Photographs of automobiles.

Figure 13.1 Images of automobiles

Let us take an example to illustrate the difficulty linked to the validation of the algorithm: a tank detection system was shown (ML aspect) many images of allied or potentially enemy tanks. Image-based tests validated that the system correctly recognized “friends” from “enemies”. The system was therefore installed and tested on a shooting range. He considered ALL tanks identified as tanks to be “enemy”. Why? In fact, the images of “friendly” tanks were taken in different conditions than those of “enemy” tanks (closer to those of the terrain), and therefore, the system considered that the tanks on the ground were always enemy tanks. I do not know if this example is real or not, but it shows the difficulty in determining whether or not what the algorithm has selected is correct. In the context of automated driverless driving systems, these systems may be confronted with changes in environments that become challenges that are too complex to manage (see article from CNN1 and YouTube2).

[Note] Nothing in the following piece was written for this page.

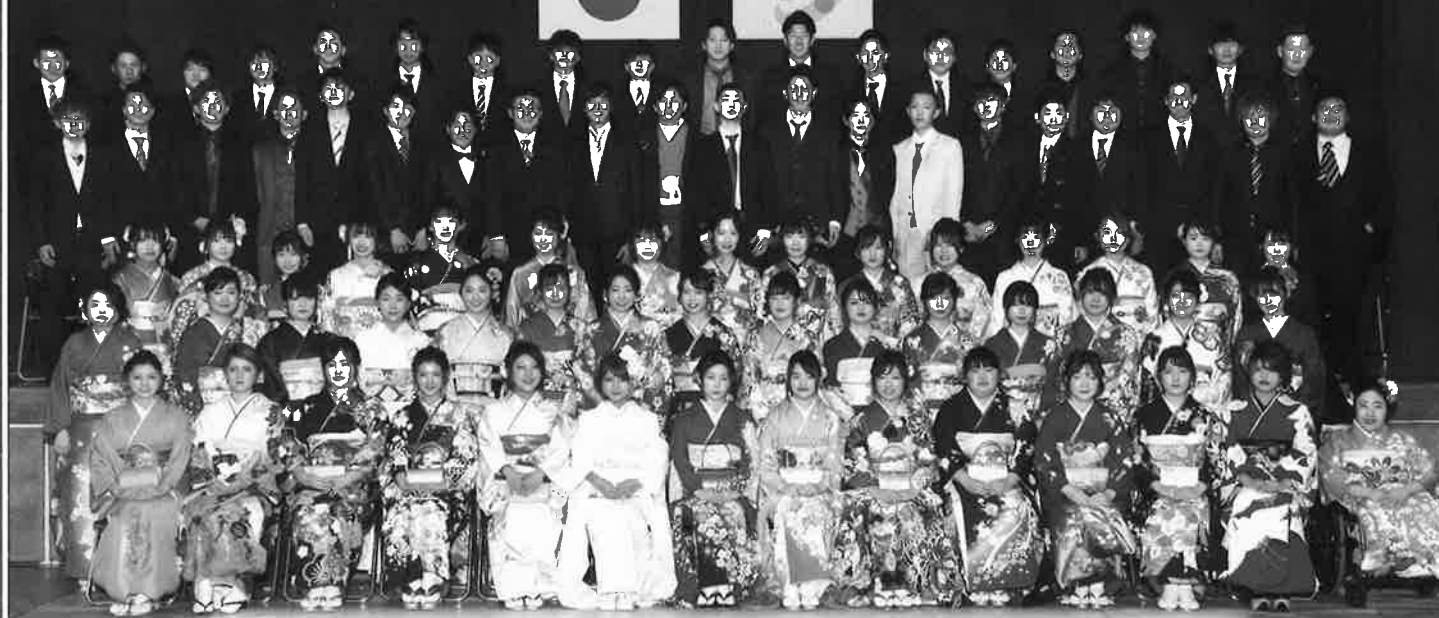
諸富校区では、97人の方が新成人となられ、新たな一歩を歩み始められました。今後のご活躍をお祈りいたします。

Questions for testers to ask themselves will include:

– How can we validate the proposed sample?

– Can we identify examples that invalidate the sample, or can we demonstrate a failure in the algorithm?

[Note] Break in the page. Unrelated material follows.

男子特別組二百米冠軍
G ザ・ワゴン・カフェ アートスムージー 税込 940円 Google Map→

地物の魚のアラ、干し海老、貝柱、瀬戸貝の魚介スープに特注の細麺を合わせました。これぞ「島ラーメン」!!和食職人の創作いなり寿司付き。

– Are the testers’ knowledge in statistics sufficient? How do we make sure that what we read is correct?

It is very likely that the validation of algorithms requires advanced knowledge in algorithms, statistics and/or mathematics, therefore collaboration with other specialists (see also Smith (2022)).

13.10. Multi-platforms, mobility and availability

In addition to the development of connected objects, we also have a multitude of smartphones and computers that can connect to applications – and therefore to systems and systems-of-systems – either directly (via a wired connection) or indirectly via radio connections, wired, etc. This forces applications to manage aspects of multiple remote connections (e.g. the same account is connected from a PC and a smartphone), and also connections that may change during the transaction (e.g. connection to different relays for a transaction carried out on a moving smartphone).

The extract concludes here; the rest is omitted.